Мы начинаем изучать алгебру, и головоломки Березанской уходят в прошлое. Я решаю, что до этого нас мучили задачами в полтора десятка вопросов, чтобы закалить нашу волю, выработать характер. А теперь мы подросли и нам уже можно доверить новое интеллектуальное оружие — алгебру. Я радуюсь. Составить уравнение и найти, чему равен икс, — огромное удовольствие для меня.

Красная Армия прорвала, наконец, линию Маннергейма. Финская война закончена. Граница отодвинута от Ленинграда. Цель достигнута. Так действует Сталин: любой ценой — к цели. Я уже достаточно начитан, чтобы знать древнюю формулировку этого правила, мне известно: вовсе не большевики придумали его. Ну и что?! Алгебру и геометрию тоже ведь создали давным-давно, из этого вовсе не следует, что большевики не должны ими пользоваться.

Я читаю «Вопросы ленинизма». Перечитываю «Как закалялась сталь». Павка не жалел ни сил, ни жизни в борьбе за рабочее дело. И я не пожалею. Я пишу маме в Темлаг, что собираюсь вступить в комсомол. Она обрадована. Ей приятно, что сын не обозлен на Родину, растет патриотом.
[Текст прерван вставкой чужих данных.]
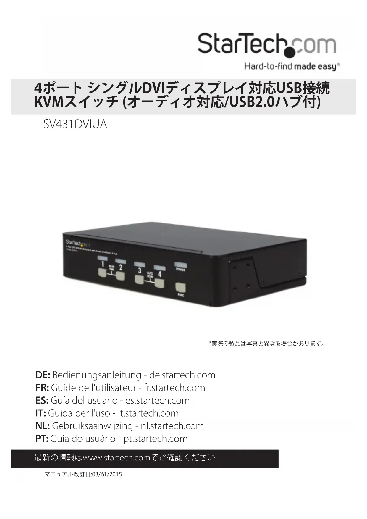 SV431DVIUA - Commutateur StarTech.com - Notice d'utilisation et mode d'emploi gratuit

Восстановлена семидневная рабочая неделя. Теперь вместо номеров дней шестидневки появились старорежимные понедельники-вторники, субботы-воскресенья. Рабочих и служащих за двадцатиминутное опоздание на работу приказано отдавать под суд. Вместо семичасового рабочего дня введен восьмичасовой. Близится война? С кем?
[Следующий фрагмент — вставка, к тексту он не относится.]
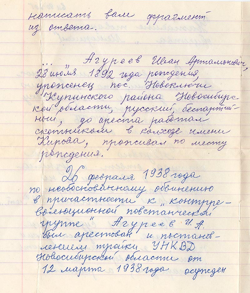 … «Агуреев Иван Артамонович, 28 июля 1892 гола рождения, уроженец пос. Новоключи Купинского района Новосибирской области, русский, беспартийный, до ареста работал скотником в колхозе имени Кирова, проживал по месту рождения.

Летом 40-го, через три года после ареста мамы, нам разрешают свидание с ней. Мы с Тасей покупаем билеты до Потьмы. Оттуда лагерная узкоколейка довезет нас до Яваса и Лагпункта-15. Надо встать в шесть утра, поэтому радиотрансляцию на ночь не выключаем. Нас будит голос Рейзена: Шир-рока страна моя родная, Много в не-ей лесов, полей и рек, Я другой такой страны не знаю, Где так во-ольно дышит че-еловек... Через леса, поля и реки нашей страны нам предстоит добираться до мамы. Вот и Казанский вокзал, с которого мы столько раз ездили с Володей на электричке в

 

- 58 -

Кратово и Отдых. Теперь наш поезд— дальнего следования. Вагон — плацкартный, общий. Я вспоминаю красное дерево салон-вагона и международных вагонов моих прежних поездок. Жизнь переменилась. Наши попутчики — простые советские люди. Они сразу угадывают, куда и зачем мы едем. Дело обычное. К маме? Вот и слава Богу. Жива, значит. Темлаг — место, всем известное: он ведь не только для несчастных жен бывших больших начальников. Темлаг — он большой, там народ со всей страны собран. Темлаг, конечно, не сахар, но ведь и не тундра же, не Колыма. Считай — повезло! Под этот утешительный разговор мы катимся на восток. Рязань... Сасово... Вот они, мордовские леса, в которых на многие десятки, если не сотни километров широко раскинулся Темлаг — одна из многочисленных мусорных свалок нашей бурной истории. Как, все-таки, сильно умеет высказываться товарищ Сталин. Чтобы в стране был чистый воздух, которым могли бы вольно дышать советские люди, — надо людской мусор вывозить на свалку. Разве не ясно? Ясно-то ясно, да ведь и мы с Тасей тоже ЧСИР. Почти мусор. По праву ли мы приехали сюда, вольно дыша? От этих мыслей меня отвлекает новочеркасский паровозик, который потащит наш лагерный поезд в Явас. Вот где пригодилось это изделие донского расказаченного пролетариата! Паровозик, в котором для меня запечатлена память об отце, исправно служит здесь, хлопотливо пыхтит, везет нас к маме. Мне уже четырнадцать лет, Тасе — девятнадцать, щенячий возраст у нас позади. Безрадостно волнуясь, приближаемся мы к воротам Лагпункта 15. У ворот — небольшой бревенчатый домик. Для свиданий. И красивое слово «свиданье» навеки приобретет для меня каторжный оттенок.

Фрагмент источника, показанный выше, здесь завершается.